*** Opening of Supplied information ***

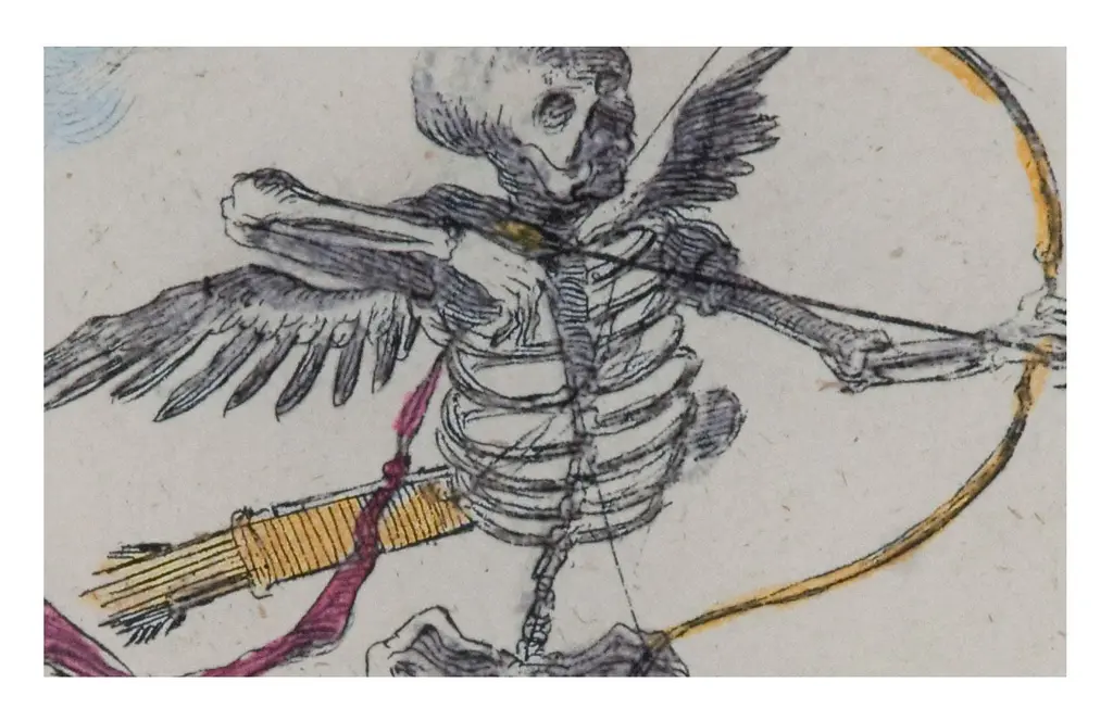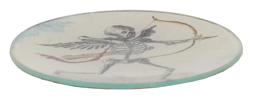 A macabre take on the Cupid mythology, the Skeleton With Arrow Plate is the perfect combination of eerie and charming. It features a vintage illustration of a winged skeletal archer, taken from celebrated designer John Derian's expansive collection of antique images. This curious picture has been recreated under handblown glass to create a decoupaged plate that makes a perfect catch-all on the nightstand or a worthy addition to a gallery wall. The Skeleton With Arrow Plate could also make a unique Valentine's gift for the one you love, till death do you part. •handmade decoupage •vintage image •handblown glass •john derian Dimensions •5.75" diameter
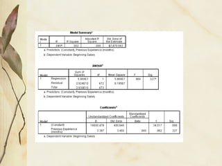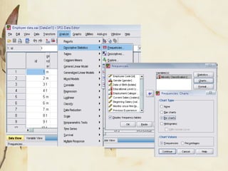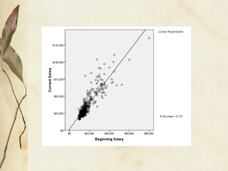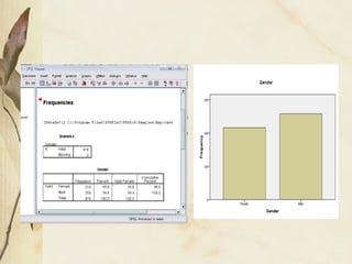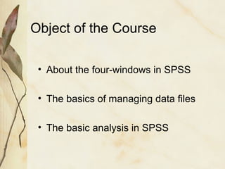 This document provides an overview of using the statistical software package SPSS. It discusses the four main windows in SPSS - the data editor, output viewer, syntax editor, and script window. It also covers the basics of managing data files, including opening SPSS, defining variables, and saving data. Finally, it demonstrates some common analyses in SPSS including frequencies, descriptives, and linear regression as well as how to interpret the outputs and plot regression lines. The overall purpose is to introduce the basics of using SPSS to perform statistical analysis and data management.
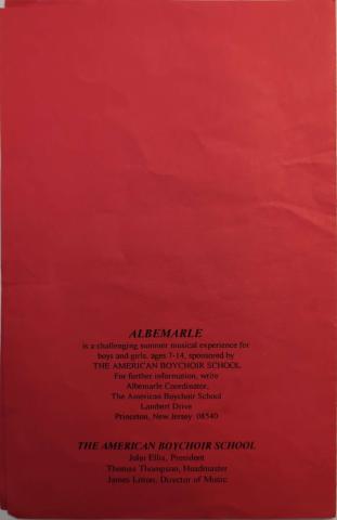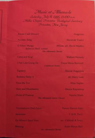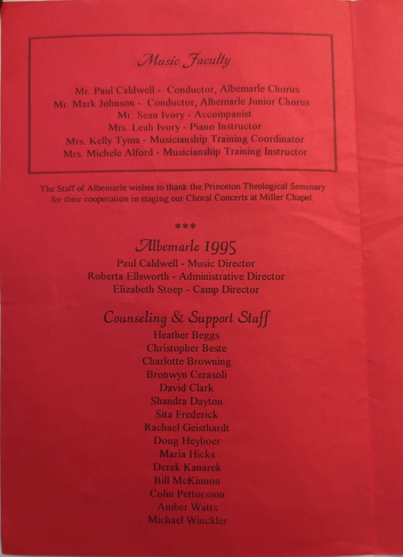 Music at Camp Albemarle concert program
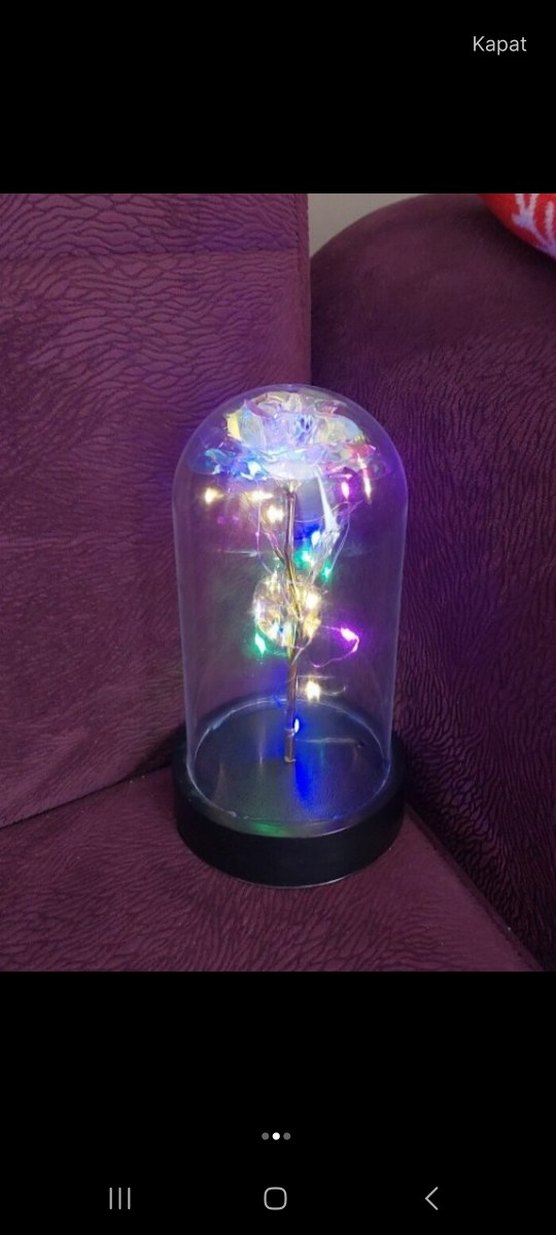 Şeffaf kubbe içinde renkli LED ışıklar ve siyah tabana sahip dekoratif lamba, mekana canlılık katar.

*** Close of Supplied information ***

* Task description:
The material should be duplicated word for word, with no images included.

* Exercise result:
 A macabre take on the Cupid mythology, the Skeleton With Arrow Plate is the perfect combination of eerie and charming. It features a vintage illustration of a winged skeletal archer, taken from celebrated designer John Derian's expansive collection of antique images. This curious picture has been recreated under handblown glass to create a decoupaged plate that makes a perfect catch-all on the nightstand or a worthy addition to a gallery wall. The Skeleton With Arrow Plate could also make a unique Valentine's gift for the one you love, till death do you part. •handmade decoupage •vintage image •handblown glass •john derian Dimensions •5.75" diameter
 This document provides an overview of using the statistical software package SPSS. It discusses the four main windows in SPSS - the data editor, output viewer, syntax editor, and script window. It also covers the basics of managing data files, including opening SPSS, defining variables, and saving data. Finally, it demonstrates some common analyses in SPSS including frequencies, descriptives, and linear regression as well as how to interpret the outputs and plot regression lines. The overall purpose is to introduce the basics of using SPSS to perform statistical analysis and data management.
 Music at Camp Albemarle concert program
 Şeffaf kubbe içinde renkli LED ışıklar ve siyah tabana sahip dekoratif lamba, mekana canlılık katar.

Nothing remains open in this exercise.